В двадцатые годы Хемингуэя стали называть лидером писателей «потерянного поколения». Сам литератор яростно отбивался от подобных нападок и неверных определений.
«Это выражение Гертруды Стайн, а не мое! – утверждал Хемингуэй. – Гертруда подхватила слова одного владельца гаража, которые он произнес по поводу своего механика-ученика: «une generation perdue» – «потерянное поколение». Ну что ж, Гертруда сказала так и сказала. Я только использовал эти слова в начале «И восходит солнце», они в некотором роде отражали мои мысли. А этот пассаж из Екклезиаста? «Род проходит и род приходит, а земля пребывает вовеки». Твердое подтверждение вечности Матери Земли, правда? «Восходит солнце и заходит солнце…» Твердое подтверждение вечности солнца. И ветра. А затем и рек… Невозможно сказать точнее. Смотри, Гертруда всегда жаловалась на жизнь. И в своих жалобах она соединила свое недовольство жизнью с этим поколением. Но это все ерунда. Там не было никакого движения, никакой связи между курящими марихуану нигилистами, блуждающими в темноте в поисках мамочки, которая выведет их из дикого мрака дадаизма. На самом деле в то время жило множество людей, прошедших через войну. Они писали, сочиняли музыку или делали что-то другое. Однако были и такие, которым не довелось побывать на войне, но им либо очень хотелось воевать, либо хотелось с гордостью писать о том, как они на войне не были. Я не знал в те времена ни одного человека, который думал бы о себе как о «представителе потерянного поколения» или же просто слышал это выражение. Мы были крепкими парнями. У персонажей «Когда восходит солнце» трагические судьбы, но истинный герой романа – Земля, и читатель понимает: именно Земля – настоящая победительница, потому что она вечна».

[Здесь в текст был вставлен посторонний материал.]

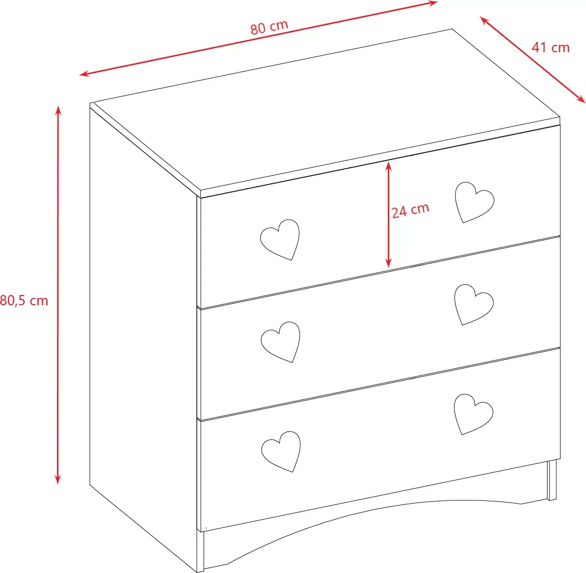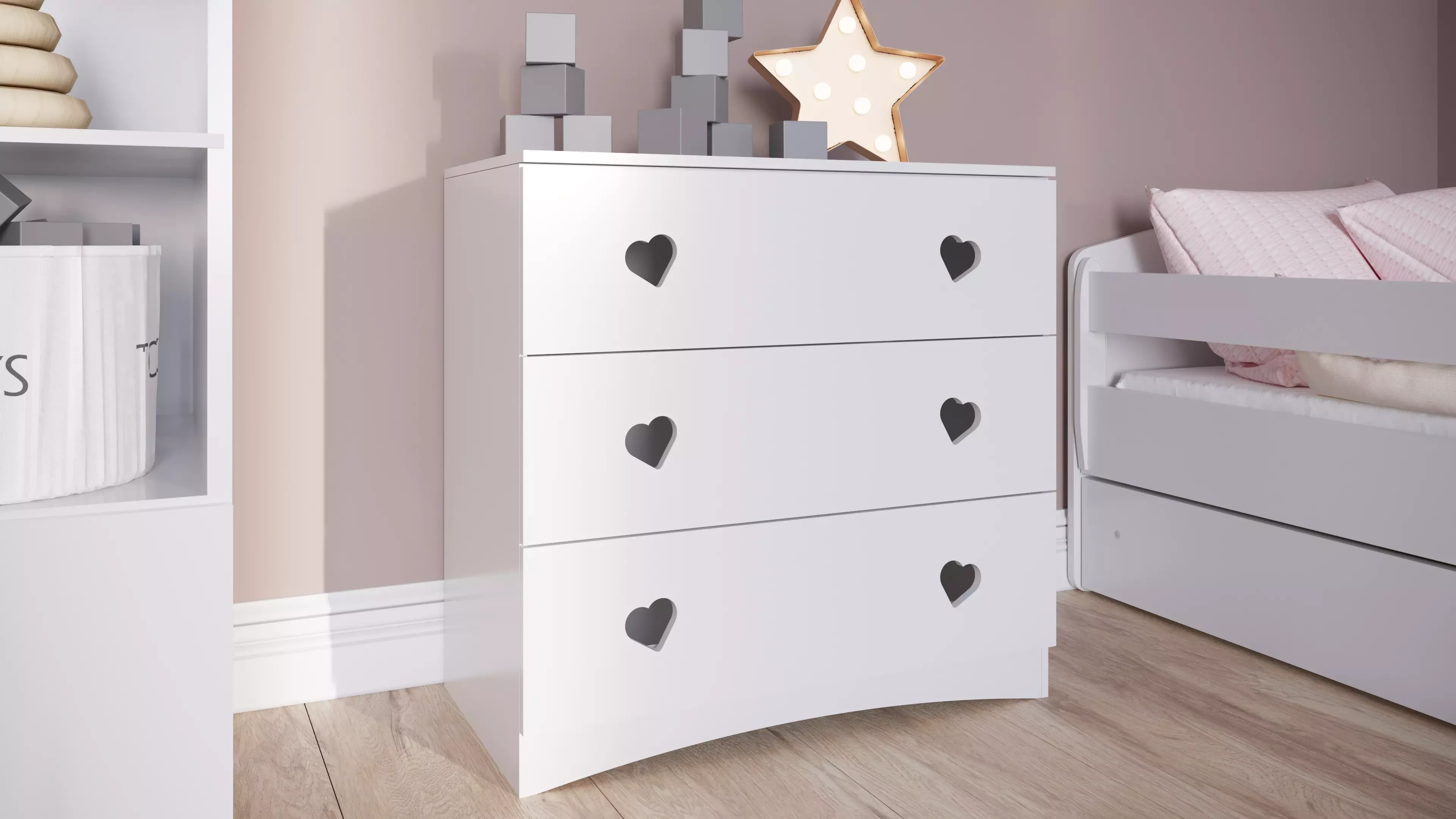 - Komoda posiada 3 pojemne szuflady o głębokości 34 cm osadzone na prowadnicach kulkowych.

Не со всеми коллегами по литературному творчеству складывались нормальные отношения. Хемингуэй иногда позволял себе такие откровения:
«У меня часто воровали сюжеты. Во время мировой войны я много ездил вместе с одним писателем. Я давно знал этого человека и был с ним откровенен, как с близким другом. Однажды, хорошо выпив, я рассказал ему, что поведение коров на пастбище может служить замечательным сигналом воздушной тревоги: «Глядя на коров, я могу предсказать приближение бомбардировщиков еще до того, как зазвучит сирена. Животные чувствуют самолеты задолго до их появления – коровы перестают щипать траву, они как будто застывают на месте».

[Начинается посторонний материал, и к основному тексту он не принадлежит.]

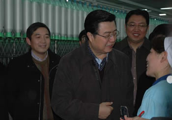 帶著(zhù)市委、市政府的親切關(guān)懷,市委書(shū)記羅一民在有關(guān)部門(mén)、產(chǎn)控集團負責人陪同下來(lái)到企業(yè)一線(xiàn)慰問(wèn),他一邊察看企業(yè)生產(chǎn)情況,一邊與職工親切交流。生產(chǎn)組長(cháng)朱玉玲顧不上擦臉上的汗,她笑著(zhù)告訴羅書(shū)記:“企業(yè)效益還不錯,雖然忙了點(diǎn),但干得高興,我們上下一條心,一定把這個(gè)企業(yè)建設得更好?!睂β毠兏邼q的工作熱情,羅一民高興地蹺起大拇指。他動(dòng)情地說(shuō),我們每次走訪(fǎng)困難企業(yè),既是慰問(wèn)也是學(xué)習。許多困難企業(yè)的領(lǐng)導班子奮發(fā)進(jìn)取、默默奉獻,這正是新時(shí)期南通精神的具體體現,也是企業(yè)危中搶機、生存發(fā)展的最大動(dòng)力源泉。他祝愿在新的一年,企業(yè)全體干部職工繼續齊心協(xié)力,取得更好的發(fā)展成果。他還要求隨同慰問(wèn)的經(jīng)貿委、總工會(huì )等部門(mén)同志,多關(guān)心困難企業(yè)和困難職工,切實(shí)為他們解決實(shí)際困難。

Пару дней спустя я увидел, как корреспонденты поздравляют моего друга с большим успехом. «Что случилось?» – спросил я. «Он напечатал в своей газете замечательный очерк о том, как коровы реагируют на бомбардировщики», – объяснили мне. Я провел небольшое расследование и с удивлением обнаружил, что мой приятель и раньше использовал в своих статьях полученную от меня информацию, на основе которой я предполагал написать свои собственные репортажи. «Ну ты подонок, – сказал я этому писателю, – я убью тебя, если еще что-нибудь украдешь у меня!» Через два дня он перевелся на тихоокеанский театр военный действий.

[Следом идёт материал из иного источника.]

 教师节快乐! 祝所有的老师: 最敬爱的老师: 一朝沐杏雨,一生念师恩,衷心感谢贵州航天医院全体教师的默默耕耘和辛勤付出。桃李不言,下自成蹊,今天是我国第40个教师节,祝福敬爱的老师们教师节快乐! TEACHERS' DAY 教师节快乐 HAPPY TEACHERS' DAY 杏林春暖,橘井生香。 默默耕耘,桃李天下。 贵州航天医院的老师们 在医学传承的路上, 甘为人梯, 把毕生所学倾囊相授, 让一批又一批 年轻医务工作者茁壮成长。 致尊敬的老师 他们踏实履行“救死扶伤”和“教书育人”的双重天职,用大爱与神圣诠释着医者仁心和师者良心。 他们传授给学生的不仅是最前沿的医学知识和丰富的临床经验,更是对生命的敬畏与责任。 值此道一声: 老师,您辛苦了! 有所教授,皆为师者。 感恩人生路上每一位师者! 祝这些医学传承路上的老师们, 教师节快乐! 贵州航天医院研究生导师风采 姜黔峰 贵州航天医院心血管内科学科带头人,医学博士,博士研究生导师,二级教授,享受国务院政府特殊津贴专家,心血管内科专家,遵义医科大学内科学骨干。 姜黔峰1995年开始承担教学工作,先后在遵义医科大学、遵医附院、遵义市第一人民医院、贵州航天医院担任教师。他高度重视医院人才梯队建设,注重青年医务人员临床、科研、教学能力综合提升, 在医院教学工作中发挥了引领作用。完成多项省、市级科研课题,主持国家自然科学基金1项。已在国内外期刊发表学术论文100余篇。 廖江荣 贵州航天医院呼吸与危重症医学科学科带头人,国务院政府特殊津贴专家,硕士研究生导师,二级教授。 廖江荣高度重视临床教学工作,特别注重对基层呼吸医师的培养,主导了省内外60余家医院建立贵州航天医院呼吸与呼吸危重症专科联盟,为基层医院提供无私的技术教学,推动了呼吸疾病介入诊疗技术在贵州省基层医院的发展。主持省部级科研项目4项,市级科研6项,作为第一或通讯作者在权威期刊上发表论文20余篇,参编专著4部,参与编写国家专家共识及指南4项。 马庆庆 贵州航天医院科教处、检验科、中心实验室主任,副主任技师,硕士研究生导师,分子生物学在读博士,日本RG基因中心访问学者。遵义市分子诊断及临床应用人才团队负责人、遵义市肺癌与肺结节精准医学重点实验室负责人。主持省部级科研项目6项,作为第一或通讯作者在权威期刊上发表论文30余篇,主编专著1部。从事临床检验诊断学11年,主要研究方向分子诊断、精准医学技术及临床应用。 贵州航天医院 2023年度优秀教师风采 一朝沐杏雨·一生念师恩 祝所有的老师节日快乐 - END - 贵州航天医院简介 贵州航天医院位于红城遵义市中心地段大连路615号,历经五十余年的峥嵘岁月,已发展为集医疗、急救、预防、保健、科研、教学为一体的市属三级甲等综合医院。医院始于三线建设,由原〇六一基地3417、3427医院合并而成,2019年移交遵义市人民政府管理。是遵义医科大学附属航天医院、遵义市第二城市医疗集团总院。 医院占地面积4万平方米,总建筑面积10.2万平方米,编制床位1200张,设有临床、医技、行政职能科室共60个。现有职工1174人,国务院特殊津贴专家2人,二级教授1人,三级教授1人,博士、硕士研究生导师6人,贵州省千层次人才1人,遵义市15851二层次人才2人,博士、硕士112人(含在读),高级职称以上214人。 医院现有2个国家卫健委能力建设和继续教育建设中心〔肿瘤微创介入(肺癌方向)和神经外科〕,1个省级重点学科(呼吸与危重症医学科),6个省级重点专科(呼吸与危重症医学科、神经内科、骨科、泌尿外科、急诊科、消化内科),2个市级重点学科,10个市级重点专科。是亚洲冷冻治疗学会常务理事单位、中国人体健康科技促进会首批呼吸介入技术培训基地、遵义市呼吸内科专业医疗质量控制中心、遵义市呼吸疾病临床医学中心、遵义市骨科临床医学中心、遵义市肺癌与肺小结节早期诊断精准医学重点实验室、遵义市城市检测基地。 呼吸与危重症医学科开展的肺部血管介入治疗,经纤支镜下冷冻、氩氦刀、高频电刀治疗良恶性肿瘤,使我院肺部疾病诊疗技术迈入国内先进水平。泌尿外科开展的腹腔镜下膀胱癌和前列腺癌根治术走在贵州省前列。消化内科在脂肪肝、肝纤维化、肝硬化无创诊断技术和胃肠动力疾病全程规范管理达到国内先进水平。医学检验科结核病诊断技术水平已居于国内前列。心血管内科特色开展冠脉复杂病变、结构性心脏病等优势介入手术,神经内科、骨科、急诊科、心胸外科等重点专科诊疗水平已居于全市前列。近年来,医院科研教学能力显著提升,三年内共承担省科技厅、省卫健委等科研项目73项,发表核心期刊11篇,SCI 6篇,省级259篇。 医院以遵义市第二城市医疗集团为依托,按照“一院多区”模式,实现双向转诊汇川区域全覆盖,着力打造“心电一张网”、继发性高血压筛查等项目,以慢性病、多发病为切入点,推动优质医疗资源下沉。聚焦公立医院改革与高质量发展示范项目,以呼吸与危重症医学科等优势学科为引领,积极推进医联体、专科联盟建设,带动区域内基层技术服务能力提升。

Был еще один весьма именитый писатель, который воровал сюжеты моих рассказов с той же быстротой, с какой я сочинял их, менял имена героев и место действия и продавал свои сочинения, причем гораздо дороже, чем я – свои. Но я нашел способ отомстить ему – в течение двух лет я ничего не печатал, и этот негодяй умер».
Бывали и анекдотические случаи в жизни набирающего силу молодого писателя. Он сам рассказывает о них:
«Только что вышла моя книга «И восходит солнце», и мне донесли, что Гарольд Леб, узнавший себя в Роберте Коне, объявил, что при первой же встрече убьет меня. Я послал ему телеграмму, где написал, что три вечера подряд буду в «Дыре в стене» и ему не составит никакой сложности найти меня. Я выбрал это место потому, что здесь все четыре стены в зеркалах, и, если вы даже сидите спиной к двери, все равно видите входящих в зал – так легко следить за посетителями кафе. Я ждал три вечера, но Гарольд не появился. Прошла неделя. Как-то я обедал в ресторанчике Липпсов в Сен-Жермен – там тоже очень много зеркал. Вдруг вижу – в зал заходит Гарольд. Я тут же подошел к нему, и мы успели пожать друг другу руки до того, как он вспомнил, что я – его смертельный враг».
После этого отступления от темы признаем: не всем читателям Хемингуэя нравились спортивные мотивы в романах и повестях писателя. Были очень известные, даже всемирно признанные критики, которые в его неповторимой «Фиесте» не нашли ничего другого, кроме «бокса, бутылки и боя быков». Но Хемингуэй стоял на своем: да, он не скрывал теневых сторон спорта, его язв, метастаз. Он вскрывал их, чтобы заявить на весь мир:
«Спорт начинает разлагаться. Смертельная опухоль съест живую ткань спорта, если мы отдадим его гангстерам, богачам и политиканам. Мы не имеем права не видеть, что спорт болен, мы не можем молчать, потому что любим спорт».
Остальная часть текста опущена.